▸ **WHAT IS NEEDED**:
Quote the entries below from the line with "滑县绿然果疏种植农民专业合作社免费为残疾人家庭发放化肥" through the line with "To further evaluate", both ends included, and only those lines.

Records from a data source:
= Beginning of Section =
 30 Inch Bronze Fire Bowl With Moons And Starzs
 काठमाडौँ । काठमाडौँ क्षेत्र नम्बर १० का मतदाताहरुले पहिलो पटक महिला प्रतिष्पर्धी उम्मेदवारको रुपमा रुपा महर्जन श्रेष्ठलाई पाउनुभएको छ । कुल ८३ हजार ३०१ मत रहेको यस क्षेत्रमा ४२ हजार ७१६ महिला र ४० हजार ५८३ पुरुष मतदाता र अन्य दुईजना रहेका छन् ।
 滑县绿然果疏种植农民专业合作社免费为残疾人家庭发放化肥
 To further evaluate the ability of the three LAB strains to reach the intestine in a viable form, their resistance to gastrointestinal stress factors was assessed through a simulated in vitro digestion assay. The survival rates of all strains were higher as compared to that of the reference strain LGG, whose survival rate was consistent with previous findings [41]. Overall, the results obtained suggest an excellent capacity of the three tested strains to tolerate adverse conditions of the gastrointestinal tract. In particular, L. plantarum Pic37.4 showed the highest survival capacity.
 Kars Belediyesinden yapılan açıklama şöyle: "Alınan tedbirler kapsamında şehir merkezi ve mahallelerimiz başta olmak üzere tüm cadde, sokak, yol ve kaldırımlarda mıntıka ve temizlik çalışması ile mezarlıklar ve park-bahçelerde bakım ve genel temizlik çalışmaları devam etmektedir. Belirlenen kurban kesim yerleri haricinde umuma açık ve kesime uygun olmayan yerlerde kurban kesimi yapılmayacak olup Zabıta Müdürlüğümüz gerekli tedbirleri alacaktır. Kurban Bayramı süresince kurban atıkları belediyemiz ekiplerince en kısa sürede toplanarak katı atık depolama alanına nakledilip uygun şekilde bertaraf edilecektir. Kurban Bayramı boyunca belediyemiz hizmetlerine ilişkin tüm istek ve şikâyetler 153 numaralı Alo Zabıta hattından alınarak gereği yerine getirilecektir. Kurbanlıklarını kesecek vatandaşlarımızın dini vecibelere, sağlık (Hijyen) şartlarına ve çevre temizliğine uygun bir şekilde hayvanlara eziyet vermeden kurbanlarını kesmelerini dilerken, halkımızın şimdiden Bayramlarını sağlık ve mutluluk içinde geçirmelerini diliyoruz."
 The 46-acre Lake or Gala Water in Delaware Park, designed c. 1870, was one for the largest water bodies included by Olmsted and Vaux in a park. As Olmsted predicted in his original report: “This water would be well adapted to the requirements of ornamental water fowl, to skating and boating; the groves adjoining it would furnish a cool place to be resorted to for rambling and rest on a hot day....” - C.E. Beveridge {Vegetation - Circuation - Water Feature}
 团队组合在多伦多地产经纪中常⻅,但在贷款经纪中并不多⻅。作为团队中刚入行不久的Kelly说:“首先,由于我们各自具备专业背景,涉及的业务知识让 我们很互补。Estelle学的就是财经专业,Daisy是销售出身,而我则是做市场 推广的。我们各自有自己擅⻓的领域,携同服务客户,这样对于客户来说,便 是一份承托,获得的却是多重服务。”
= End of Section =
▸ **SOLUTION**:
 滑县绿然果疏种植农民专业合作社免费为残疾人家庭发放化肥
 To further evaluate the ability of the three LAB strains to reach the intestine in a viable form, their resistance to gastrointestinal stress factors was assessed through a simulated in vitro digestion assay. The survival rates of all strains were higher as compared to that of the reference strain LGG, whose survival rate was consistent with previous findings [41]. Overall, the results obtained suggest an excellent capacity of the three tested strains to tolerate adverse conditions of the gastrointestinal tract. In particular, L. plantarum Pic37.4 showed the highest survival capacity.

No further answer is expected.